As expected RePEc beat traffic records in the past months, with both EconPapers and IDEAS posting records. Over all services, LogEc recorded 749,918 file downloads and 2,815,159 abstract views.

In other news, the RePEc Input Service was inaugurated a few days ago. We also experienced some email trouble as our email server was subject to a denial-of-service (DoS) attack. While the attack is still going on, we have found efficient was to deal with it. Finally, the following institutions joined RePEc with new archives: Academy of Economic Studies (Bucharest), Academia Romana, University of Strathclyde, Indiana University-Purdue University Indianapolis, Wolters Kluwer Health, Robert Schumann Centre, Institute of Development Studies (Brighton), Lebanese Economic Association, Institute of Labour Law and Industrial Relations in the EC (IAAEG).

And now the various thresholds we passed last month, with plenty of important ones this time:
30,000,000 cumulated downloads
10,000,000 article downloads
700,000 monthly downloads
475,000 online items
175,000 paper abstracts
100,000 papers announced through NEP
16,000 registered authors
2,000 online chapters
1,600 software components

Contacting RePEc: update

April 28th, 2008 by Kit Baum

Following reconfiguration of RePEc’s email services, we now have reinstated the address repec at repec.org. Please use that address to contact the RePEc team.

RePEc Input Service

April 27th, 2008 by Christian Zimmermann

We inaugurate today the RePEc Input Service. As we detailed recently, bibliographic data is made available to RePEc on the publishers’ own ftp or web servers. Unfortunately, this is not possible in some cases, either because of web publishing policies or for technical reasons (in many cases forbidding the serving of files with an .rdf extension).

The RePEc Input Service is meant to be a service of last resort. Indeed, the principle of RePEc is that publishers are in charge of the maintenance of their own bibliographic metadata. This new service violates this in the sense that a RePEc volunteer has to maintain and host it. At this point, it can host only data about working paper series, but other document types are planned.

The scripts for the RePEc Input Service were written by Sune Karlsson. It is hosted by Christian Zimmermann at the University of Connecticut.

Volunteer recognition: Sune Karlsson

April 19th, 2008 by Christian Zimmermann

Sune Karlsson is currently Professor of Statistics at the Swedish Business School of Örebro University. He has been involved with RePEc, as a co-founder, right from the start and is an essential part of the RePEc team, providing a large numbers of services and great expertise.

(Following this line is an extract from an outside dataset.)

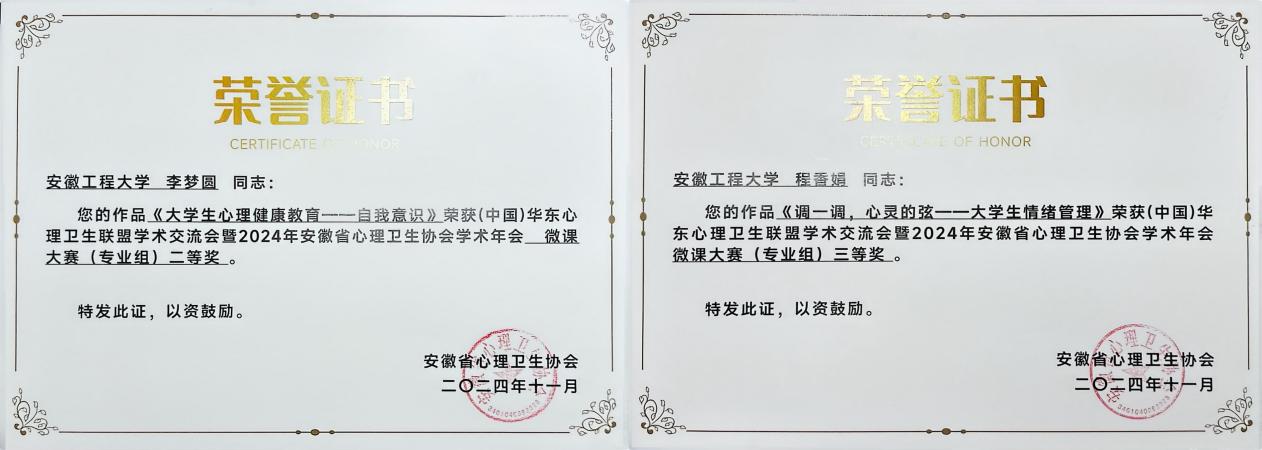 本网讯 为促进心理健康和精神卫生事业健康发展,加大心理健康科普宣传力度,提升心理健康服务质量。11月15日-17日,心理健康教育中心组织教师参加华东心理卫生联盟学术交流会暨2024年安徽省心理卫生协会学术年会,并在与会评选中荣获心理微课大赛奖,本次会议由安徽省心理卫生协会主办。

While at the Stockholm School of Economics, Sune inaugurated in 1997 S-WoPEc, the Swedish (now Scandinavian) Working Papers in Economics site. S-WoPEc was one of the founding archives of RePEc in June 1997. In 1998, he then created working paper site of the European Business Schools Librarians’ Group.

In May 2001, Sune created LogEc, which compiles usage statistics for the various RePEc services and displays them. Two months later, he added EconPapers to his portfolio, now the second most popular service displaying the data collected by RePEc.

Sune does also a lot of behind-the-scene work: a syntax checker for RePEc archive maintainers, which includes a URL checker also used for the NEP project (for which he also provided the first implementation script). He runs also the scripts that allow to recognize the different versions of the same work. Finally, he is the editor of the NEP report on Econometrics.

Without Sune’s many initiatives and his master programming skills, RePEc would not be at the point it is today.

RePEc sponsors

April 13th, 2008 by Christian Zimmermann

Given that RePEc has no revenue, it relies on the goodwill of volunteers to run. But this work is not possible without support from some sponsors that are will share some resources for this good cause. Here is an attempt to acknowledge these sponsors.

Past sponsors included: Hitotsubashi University, Joint Information Systems Committee (JISC), University of Manchester Computing Centre (MIDAS), Open Society Institute, Université du Québec à Montréal, Stockholm School of Economics.

Cheating and RePEc

April 6th, 2008 by Christian Zimmermann

This posts details how RePEc can be and has been useful in detecting cheating, and how RePEc is dealing with this unfortunate phenomenon.

Plagiarism by authors

RePEc facilitates the availability of research and thus makes it available to would be plagiarists, but RePEc also facilitates the detection of such plagiarism, either directly through RePEc services like EconPapers and IDEAS, or indirectly as other services like Google or Yahoo use RePEc to populate their search engines. While it is not part of its mission, RePEc has on occasion been assisting plagiarized authors to obtain redress, resulting in at least one dismissal from graduate school among the several caught authors.

Plagiarism by publishers

Yes, publishers can also plagiarize, namely by publishing without authorization from authors. Quite obviously, RePEc is tailor-made for detecting such abuse. Unfortunately, there is little that RePEc can do to punish such publishers, except unlisting them. This has happened so far for one publisher, and another one is currently on probation.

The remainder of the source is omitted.